▸ **YOUR GOAL**
Transcribe the listing in full, word for word; pictures do not belong in the copy.

▸ **SUPPLIED DATA**
------------------------------

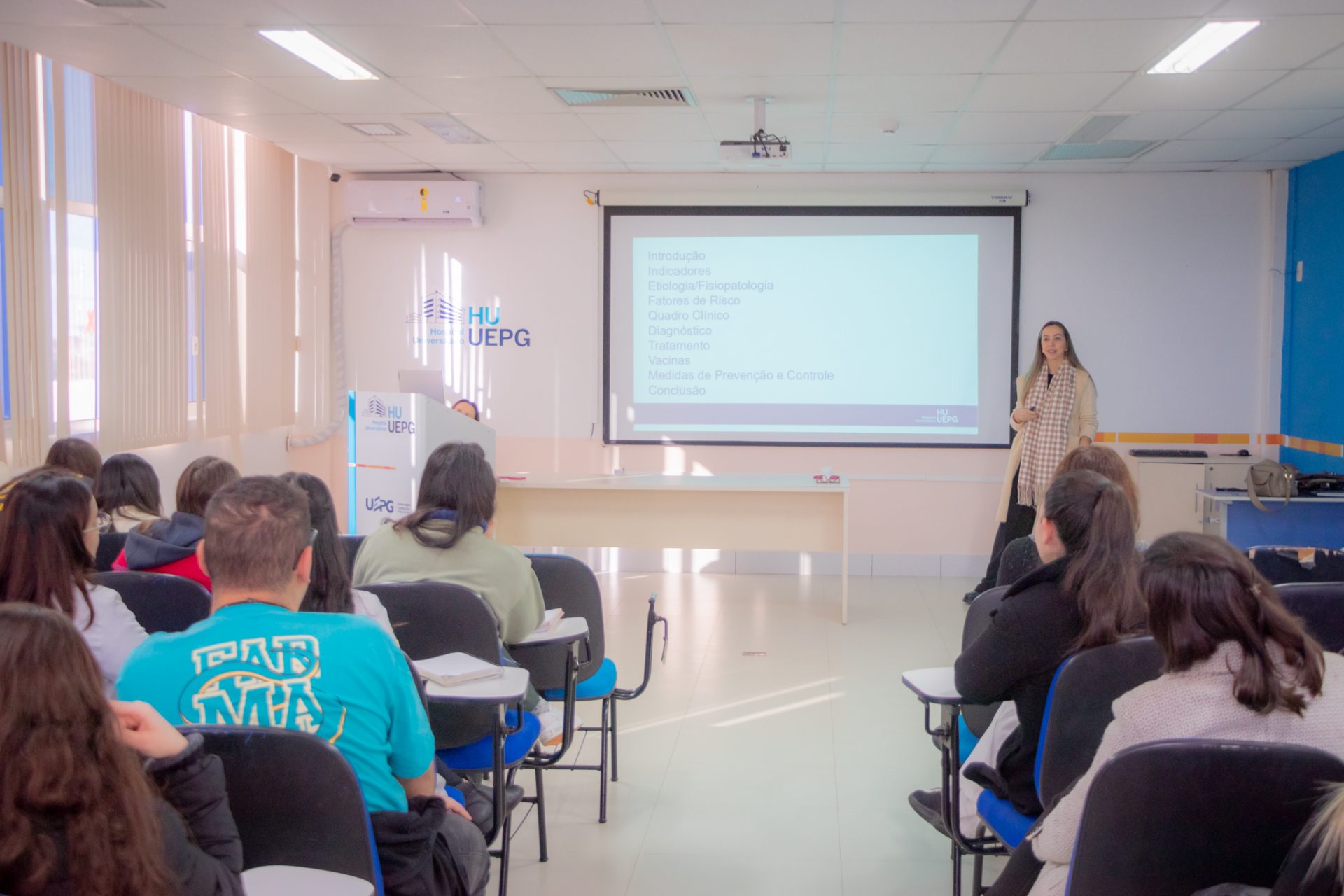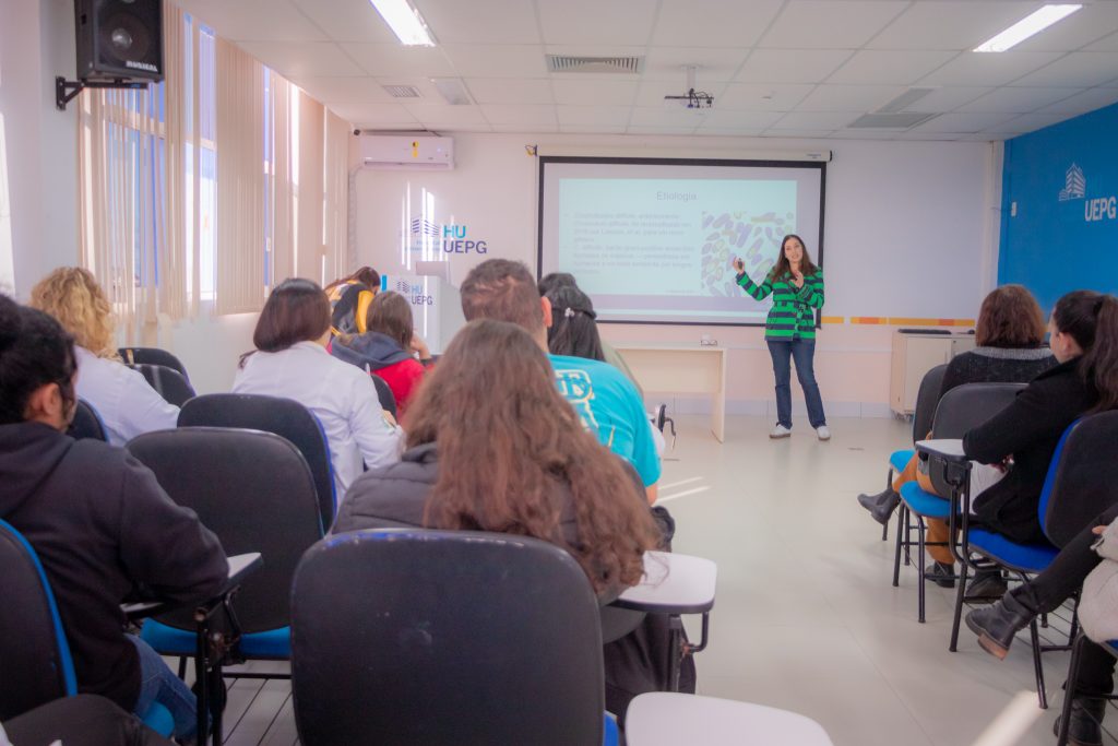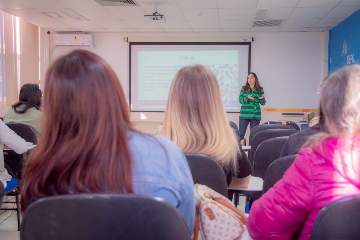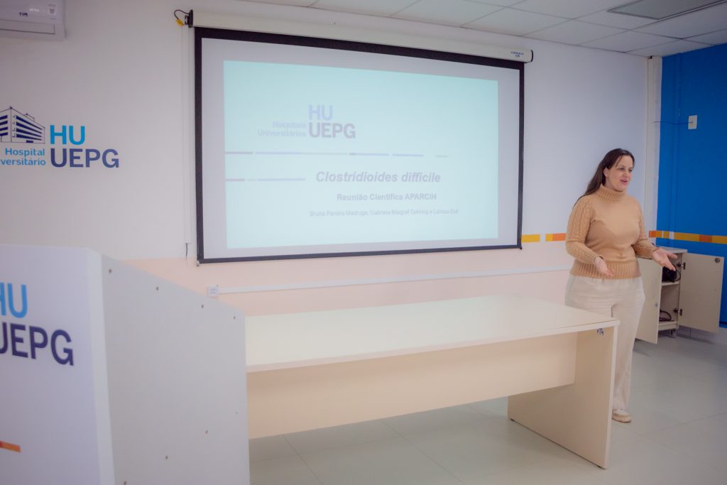 O Hospital Universitário geral da Universidade Estadual de Ponta Grossa (HU-UEPG) foi palco da reunião científica mensal de julho da Associação Paranaense de Controle de Infecção Hospitalar (Aparcih) no último dia 18. Com a presença de profissionais de todo o Paraná, presencialmente no auditório do HU e de maneira remota, foi discutida a prevenção do Clostridioides difficile, que é a principal causa de diarreia relacionada a assistência à saúde e um grande desafio.
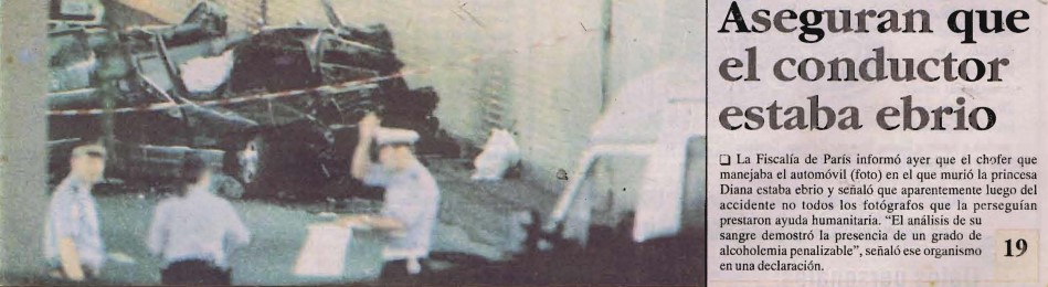 El automóvil en el que viajaba Lady Di junto a AlFayed esa fatídica madrugada, conducido por un personal de seguridad del hotel Ritz de la capital francesa, iba a 196 kilómetros por hora cuando se estrelló contra una columna de concreto, mientras era perseguido por un grupo de fotógrafos en motocicletas.
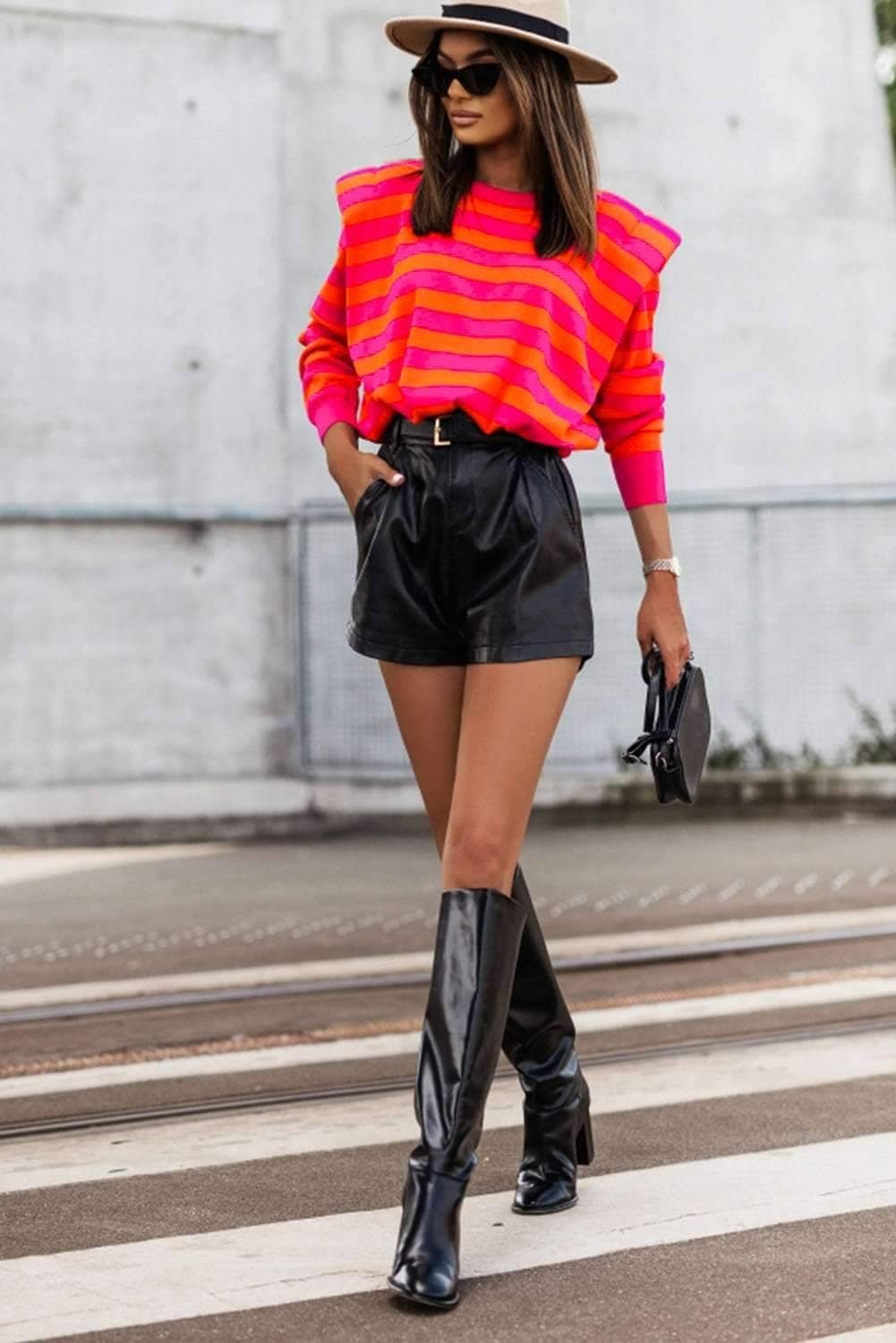 Structured shoulder pads design makes this sweater top unique and elegant.

------------------------------

▸ **TASK SOLUTION**
 O Hospital Universitário geral da Universidade Estadual de Ponta Grossa (HU-UEPG) foi palco da reunião científica mensal de julho da Associação Paranaense de Controle de Infecção Hospitalar (Aparcih) no último dia 18. Com a presença de profissionais de todo o Paraná, presencialmente no auditório do HU e de maneira remota, foi discutida a prevenção do Clostridioides difficile, que é a principal causa de diarreia relacionada a assistência à saúde e um grande desafio.
 El automóvil en el que viajaba Lady Di junto a AlFayed esa fatídica madrugada, conducido por un personal de seguridad del hotel Ritz de la capital francesa, iba a 196 kilómetros por hora cuando se estrelló contra una columna de concreto, mientras era perseguido por un grupo de fotógrafos en motocicletas.
 Structured shoulder pads design makes this sweater top unique and elegant.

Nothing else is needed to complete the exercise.